Professors Baoguo Cui and Nancy Snow discussing guanxi.

Professors Baoguo Cui and Nancy Snow Discussing Guanxi

Seeking Global Connections

Snow’s Blog 9: Respect the Guanxi

November 20, 2007
By Nancy Snow

Nancy Snow, associate professor of communications, is a visiting senior scholar and professor in Beijing, China, through November. She is teaching a graduate course in public diplomacy at Tsinghua University’s School of Journalism and Communication, as well as working on joint research projects with Chinese faculty. While overseas, she will be sharing her experiences.

Lesson Nine: When in China, respect the concept of “guanxi” or connections.

Back home, I am energized by meeting people and getting to know who they are and who or what they know. Such connecting does not always have any end goal in sight, but it often leads to the “I know someone who can help you” answer to a question. I’m curious about how each individual fits into a larger network. Think Malcolm Gladwell’s “The Tipping Point,” which I’m always recommending to my Chinese friends. I’ve assigned his book for reading in my Cal State Fullerton persuasive communications class and it’s always a winner, along with the classic Dale Carnegie “How to Win Friends and Influence People.”

In China, you have to secure the social deal to make it all happen. Knowing how to go about making and keeping connections is an art and science. The Chinese seem to be getting more sophisticated about purposive guanxi with every skyscraper built.

Robinson and I played basketball with these fellows. We won!
Robinson and I played basketball with these fellows. We won!

My Tsinghua students are very well versed in guanxi, particularly in the oft-repeated request for letters of recommendation. I believe that some think that I may hold a magic wand in my hand if I write a letter on their behalf. The problem is that my guanxi only goes so far. For instance, I’m reluctant to write a letter of recommendation for anyone I have not had in class and for whom I’ve not assigned a final grade. So far I’ve agreed to write just one letter of recommendation for a master’s student applying to the USC Annenberg School for Communication doctorate program. I’m not writing this as any favor. I believe this student is well qualified to successfully compete with fellow doctoral students in America. Her English is near perfect. She has served as my interpreter/translator on many occasions and is 100 percent professional in her demeanor.

Other students find out that I’m writing this letter and they approach me with great anticipation. They all are very charming and America is to many of them still a dream place to do a post-graduate degree. If I could, I would nod my head like Barbara Eden in “I Dream of Jeannie” and send them all to America. There’s no “Why do they hate us?” anxiety about the pull of higher education in America and these students are likely to become America’s greatest unofficial public diplomacy ambassadors.

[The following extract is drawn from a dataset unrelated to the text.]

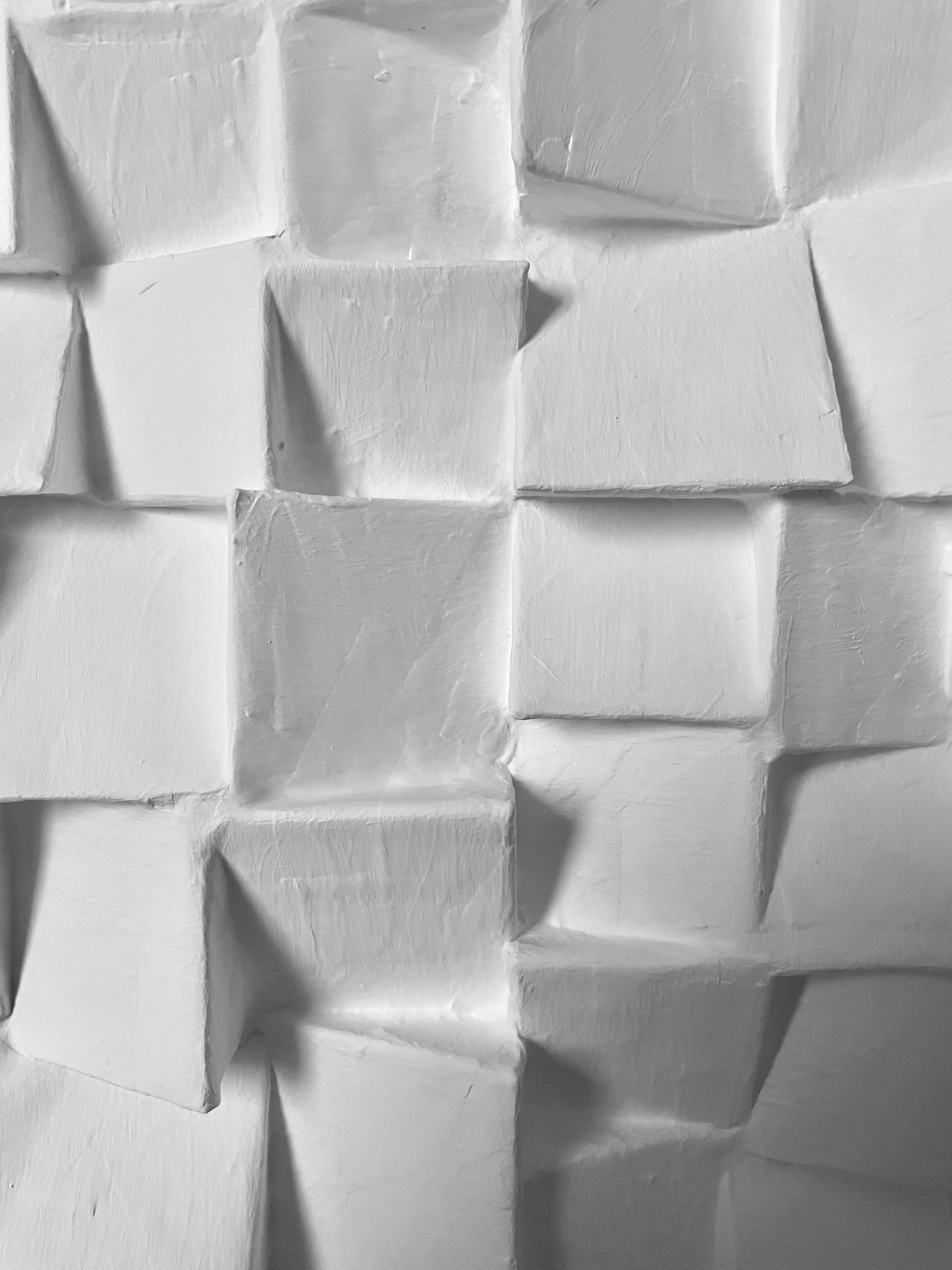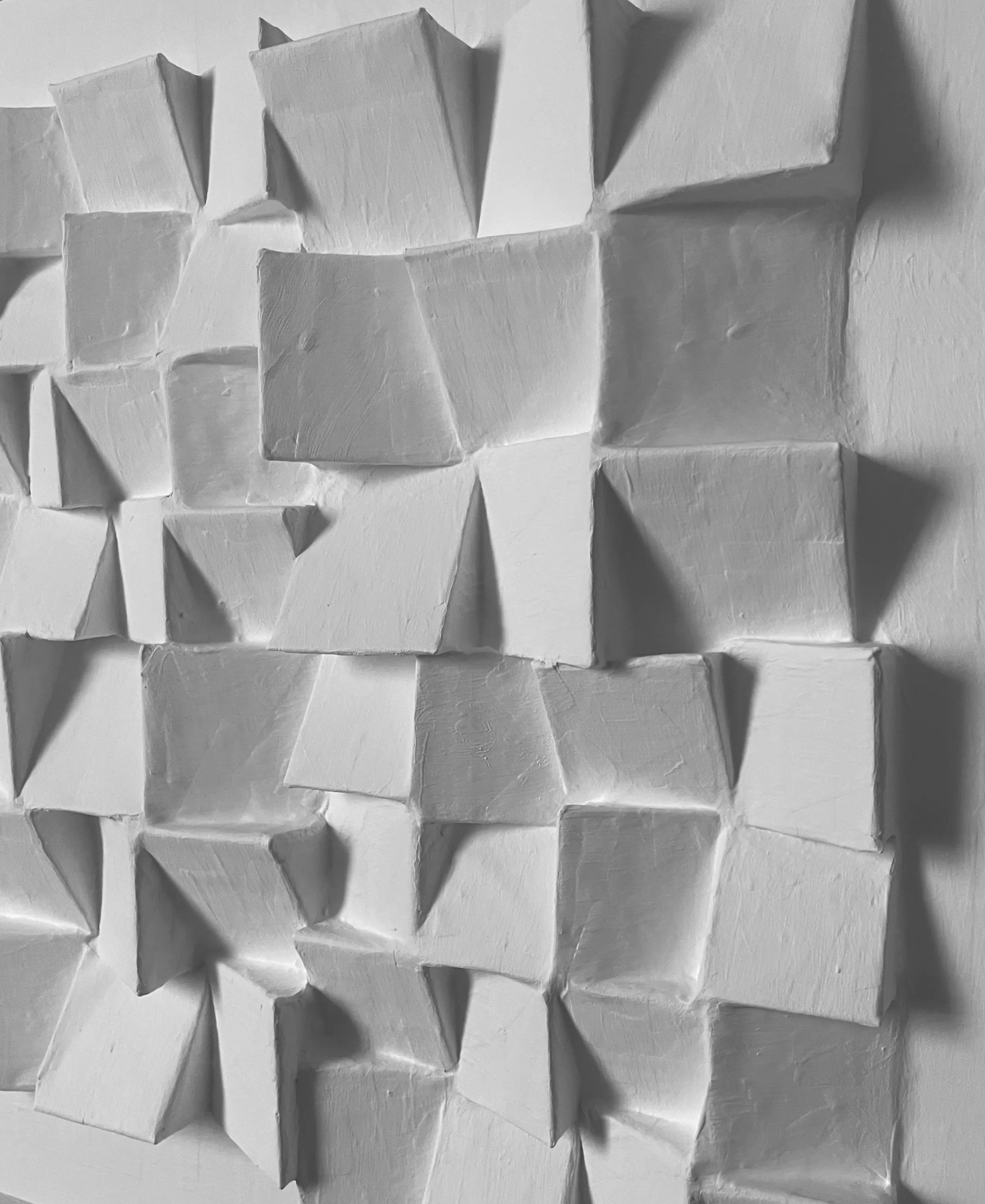 geometrisch-abstract reliëf, herinnert aan De Stijl en Zero, spiritueel en meditatief, zorgvuldig gecomponeerd en geconstrueerd uit karton en papieren elementen, vangt het licht vanuit verschillende standpunten en gedurende verschillende momenten van de dag.
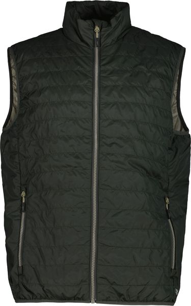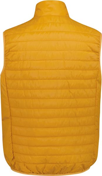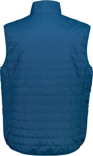 "Heat-insulating, water-repellent gilet with elasticated cuffs and practical zippered pockets for outdoor adventures."

America could very well be the online king of guanxi, though we may call it by a different name, such as social networking or schmoozing. Look at all our Web 2.0 connection creations, namely Facebook, MySpace, LinkedIn, Second Life, Friendster, eBay and craigslist, among many others. We’ve colonized the World Wide Web with our social networking prowess. Other countries are following suit by adapting the digital social network to their own needs.

Robinson Xiang, doctoral student, who has taught me much about Chinese traditions.
Robinson Xiang, doctoral student, who has taught me much about Chinese traditions.

In China, being able to eat heartily and drink a bit of alcohol (not in excess) is good guanxi. I had the experience of being offered Tsingtao beer when I was in Qingdao to deliver a speech about U.S. media coverage of the Made in China crisis. The conference officials turned to my Chinese friends with big satisfied smiles and proclaimed their pleasure at my willingness to try their local cuisine and famous local beer. Many officials came over to the table to say kind words and end with a “Kanpai” toast. I was careful not to over imbibe, which would certainly be bad guanxi. Nevertheless, being a teetotaler is probably not good guanxi, but a moderate drinker can hold one’s own.

The bottom line for good guanxi is a respectful appreciation for the social relation and a good memory. As Frederik Balfour reported in Business Week (11/08/07, “You Say Guanxi, I Say Schmoozing”): “Guanxi goes back thousands of years and is based on traditional values of loyalty, accountability and obligation — the notion that if somebody does you a favor, you will be expected to repay it one day.” Don’t just expect things to be handed to you but pay it forward.

I could never fully repay China in general and Beijing for all the good guanxi times I’ve had, but I’ll certainly keep trying.